**Exercise brief**. Pictures excluded, please retype exactly the lines from the start of the data through the line that contains "NWT Anthropologie Sundry", both ends kept, and nothing beyond them.

#####

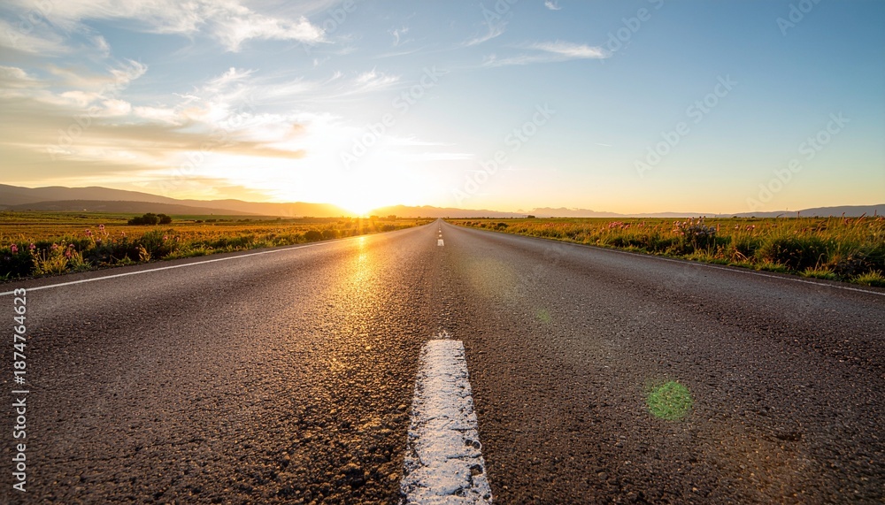 Open road at sunset, stretching to the horizon with a warm glow and a clear path forward towards endless possibilities #1874764623
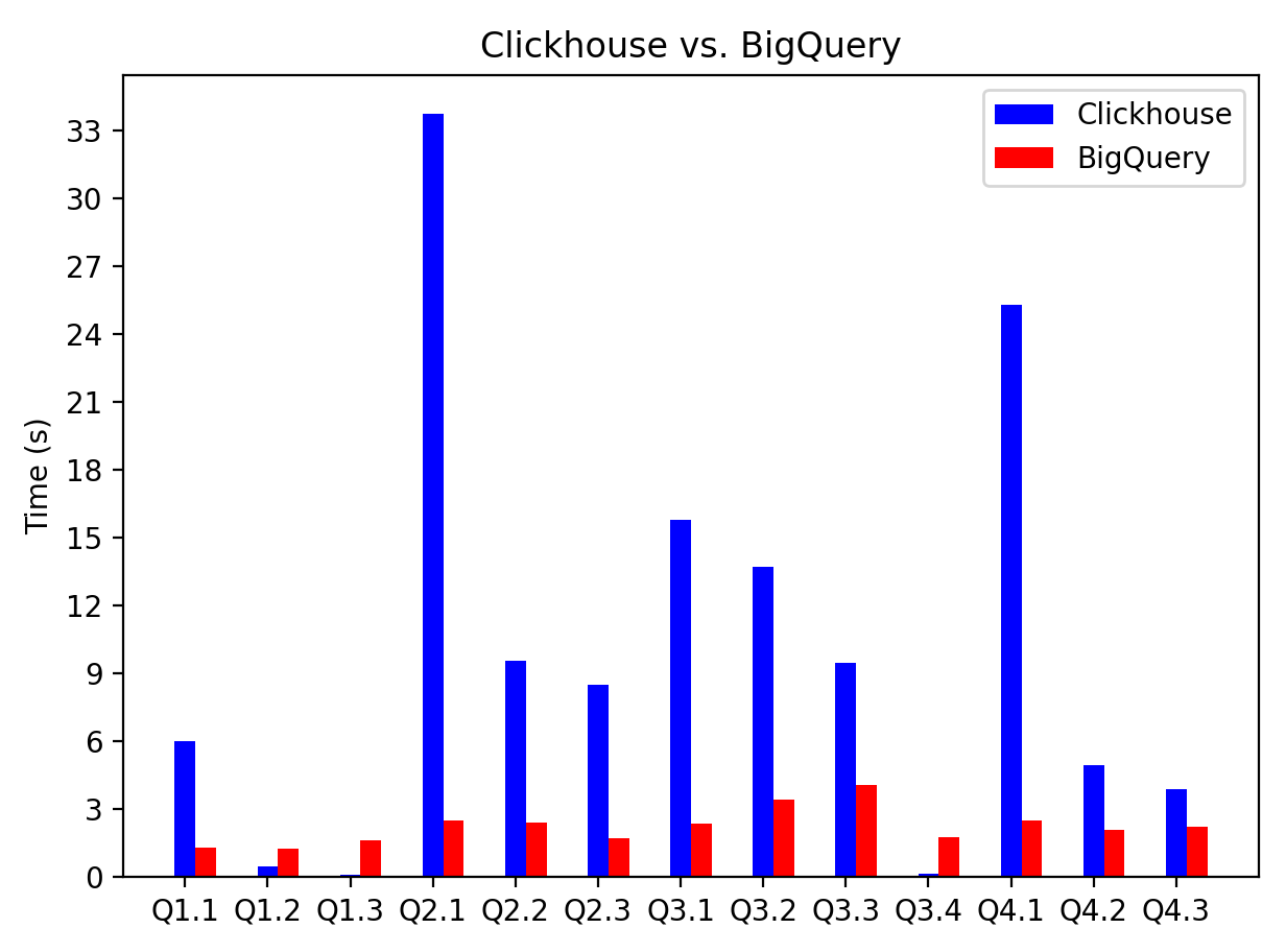 We can easily see BigQuery is faster. I suspect this is because Clickhouse was run on a single node (8 vCPUs and 32 GB RAM). E.g., when the job details of Q2.1 were inspected,
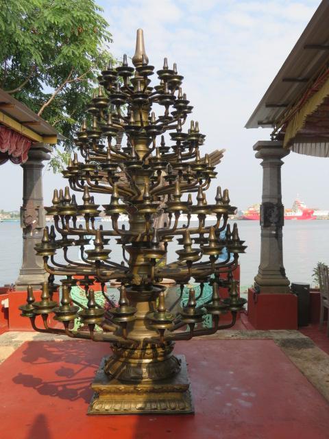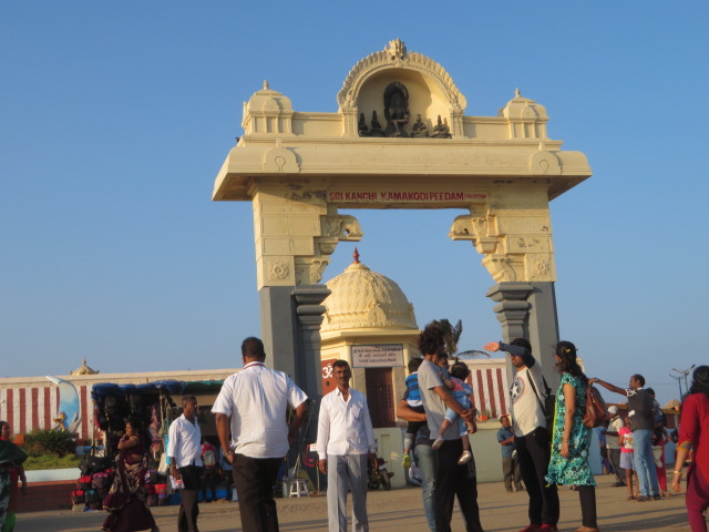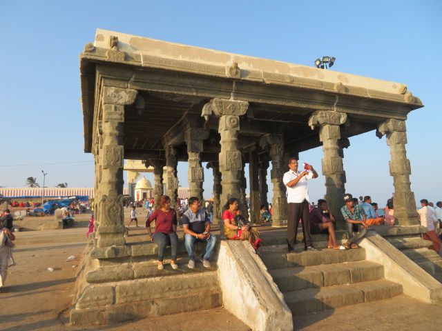 カーニャクマリのコモリン岬はアラビア海、インド洋、ベンガル湾の3つの海が合流するするインド最南端の場所です、ここで周辺の眺めと散策を楽しみました、岬を表示するような標柱は見当たらないでした、岬目の前の広場には露店が多く出ていました、そばにヒンズー寺院や記念堂があり寄ることが出来ます、日の出、日の入りのスポットとして人気があり朝夕は人が多いです、岬沖にはヴィヴェーカーナンダ岩・記念堂とティルヴァッルヴァル像があり眺めました。
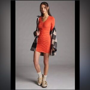 NWT Anthropologie Sundry Ruched Mini Dress. This one has Sundry Putting a chic French twist on a West Coast style, Sundry represents a refined take on getaway-inspired weekend wear. Designed by Provence-born Matthieu Leblan and crafted in California, each "Almost French" piece is an instant, iconic classic. Cotton, spandex Ruched detail V-neck Mini silhouette Pullover styling.
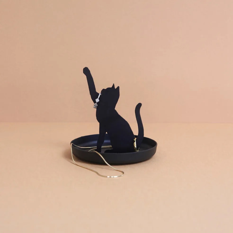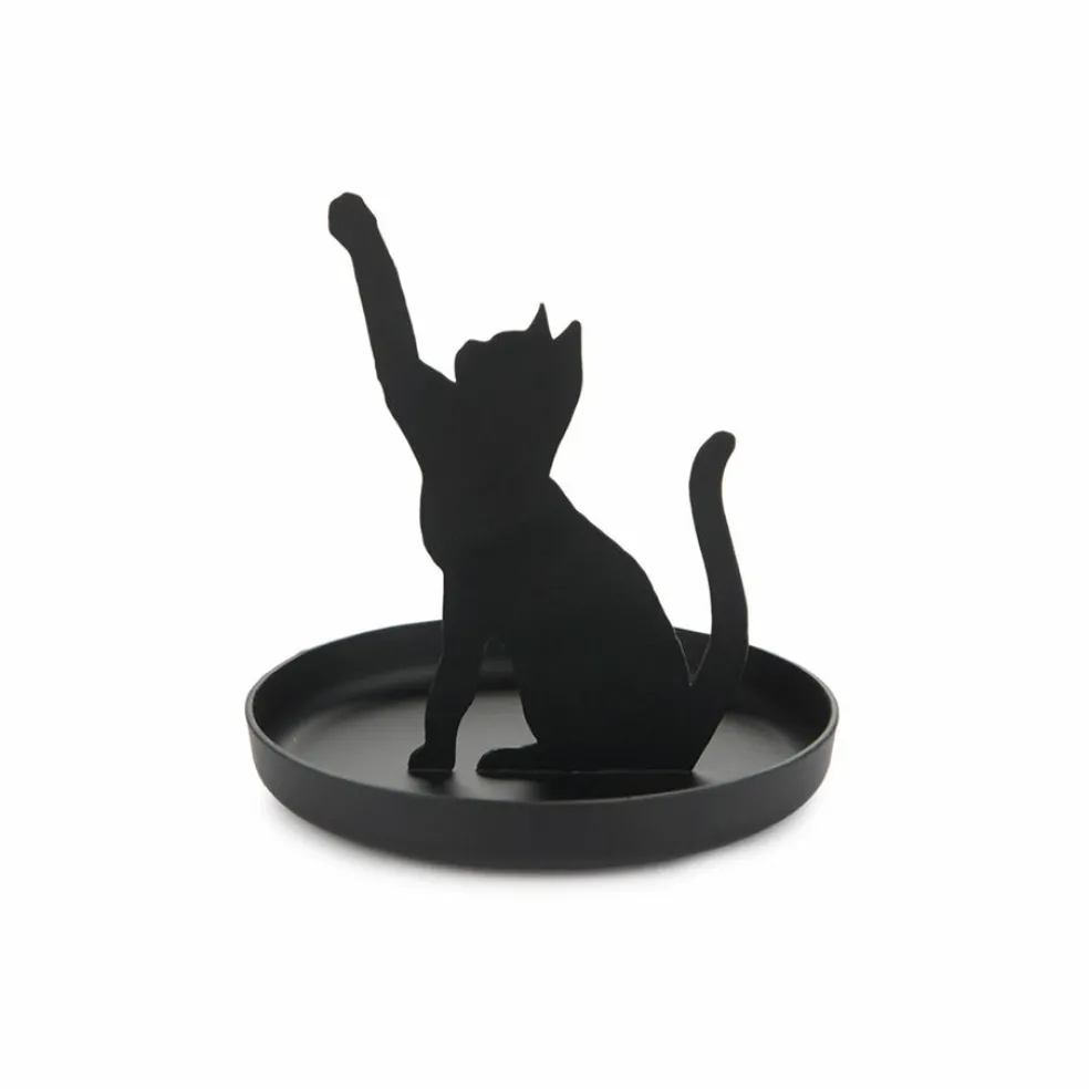 Tämä musta metallinen kissanmuotoinen sormusteline on täydellinen lisä korujen säilytykseen. Sen elegantti ja tyylikäs muotoilu tekee siitä ihanteellisen lahjan niin korujen kuin kissojenkin ystäville. Voit asettaa sormuksia kissan hännälle tai korville, jolloin ne pysyvät järjestyksessä ja helposti saatavilla. Tämä sormusteline ei ainoastaan pidä korusi kauniisti esillä, vaan tuo myös ripauksen leikkisyyttä ja charmia mihin tahansa huoneeseen. Se on käytännöllinen ja kaunis ratkaisu, joka ilahduttaa jokaista, joka arvostaa sekä estetiikkaa että toimivuutta. Täydellinen lahjaidea syntymäpäiville, juhliin tai ihan vain arjen iloksi!

#####

**Solution to this problem**.
 Open road at sunset, stretching to the horizon with a warm glow and a clear path forward towards endless possibilities #1874764623
 We can easily see BigQuery is faster. I suspect this is because Clickhouse was run on a single node (8 vCPUs and 32 GB RAM). E.g., when the job details of Q2.1 were inspected,
 カーニャクマリのコモリン岬はアラビア海、インド洋、ベンガル湾の3つの海が合流するするインド最南端の場所です、ここで周辺の眺めと散策を楽しみました、岬を表示するような標柱は見当たらないでした、岬目の前の広場には露店が多く出ていました、そばにヒンズー寺院や記念堂があり寄ることが出来ます、日の出、日の入りのスポットとして人気があり朝夕は人が多いです、岬沖にはヴィヴェーカーナンダ岩・記念堂とティルヴァッルヴァル像があり眺めました。
 NWT Anthropologie Sundry Ruched Mini Dress. This one has Sundry Putting a chic French twist on a West Coast style, Sundry represents a refined take on getaway-inspired weekend wear. Designed by Provence-born Matthieu Leblan and crafted in California, each "Almost French" piece is an instant, iconic classic. Cotton, spandex Ruched detail V-neck Mini silhouette Pullover styling.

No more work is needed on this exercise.